Джаффреди: Он должен снова стать самим собой! Монолитным в своей славе, уже установившейся, с вполне очерченными контурами. Если же он пожелает еще сказать что-нибудь, после того, что он уже сказал, то он это должен будет сделать лапидарным стилем. Исключительно лапидарным.

На лестницу выбегает Верочча, вся в гневе. Начинает звать Пьетро, ухватившись руками за перила лестницы.

Верочча: Пьетро! Пьетро! Поднимись, пожалуйста, наверх!

Джованна (Смотрит в направлении Вероччи). Что здесь происходит? Где мы находимся?!

Верочча: Это же самый настоящий произвол! Поднимись сюда! Поднимись!

Пьетро: А вот и я! А вот и я!

Бросается вприпрыжку по лестнице, по которой спускается Наташа, как всегда спокойная и уравновешенная.

Джованна: В таком случае, я тоже поднимусь наверх! Это уже чем-то смахивает на заговор!

Джаффреди: Нет, позвольте! Позвольте это сделать мне, Джованна! Туда поднимусь я!

Джованна: Они его держат за пленника! Разве вы этого не видите?! Он у них там, наверно, тронулся умом!

Джаффреди: Успокойтесь, успокойтесь, я его быстро приведу в чувства! (Направляется наверх).

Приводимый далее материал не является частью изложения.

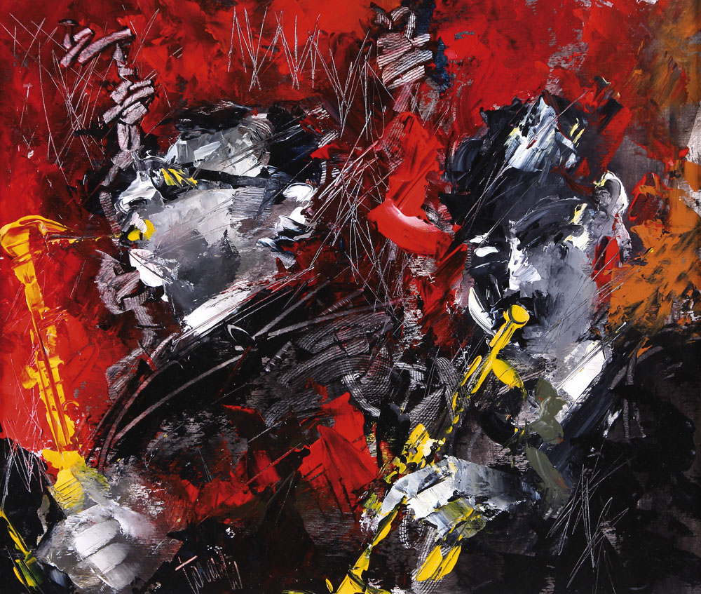 FRANCESCO TORALDO Catanzaro 1960 Duo Jazz (Barron Trio), 2006 acrilico su tavola cm. 46x55, firma in basso al centro, titolo e firma al retro, dichiarazione d'autenticità e archivio dell'artista su foto.

Джованна: И обязательно спустите его вниз, прошу вас. Нам надо тут же покинуть эти места! Меня уже тошнит от одного только пребывания здесь!

Поднимается по лестнице вслед за Джаффреди и перед тем, как исчезнуть из виду, обращается к детям:

Не перестаю удивляться, как он мог вручить себя в руки этих сумасшедших, к тому же наших заклятых врагов!

Наташа (Абсолютно не реагируя на слова, сказанные Джованной). Вы должны были бы поблагодарить нас за то гостеприимство и заботу, которые мы проявили по отношению к нему. Если вы это хотите знать — он очень болен.

Джованна (Пожимая плечами). Болен… болен… Это был для вас только предлог, чтобы заманить его сюда и выставить его на посмешище!

Наташа: Никакого предлога. Он болен на самом деле.

Джованна (Не очень обеспокоенная состоянием здоровья мужа). Это верно, у него немного пошаливает сердце…

Тито (Наоборот, очень обеспокоенный). Может, ему сейчас плохо, там, наверху…?!

Наташа: Нет, нет. Если речь идет о сердце, то нет. У него иная болезнь — ужасная — которая приходит к людям, достигшим определенного возраста.

Валентина (Напуганная). И, что это за болезнь?

Наташа (Само спокойствие). Он переживает вторую молодость, кузина!

Валентина: Это ваша работа, что он заболел этой болезнью!

Наташа (Как выше). Возможно, что и наша.

Джованна (Удивленно смотрит на Наташу). Как вы смеете говорить такое!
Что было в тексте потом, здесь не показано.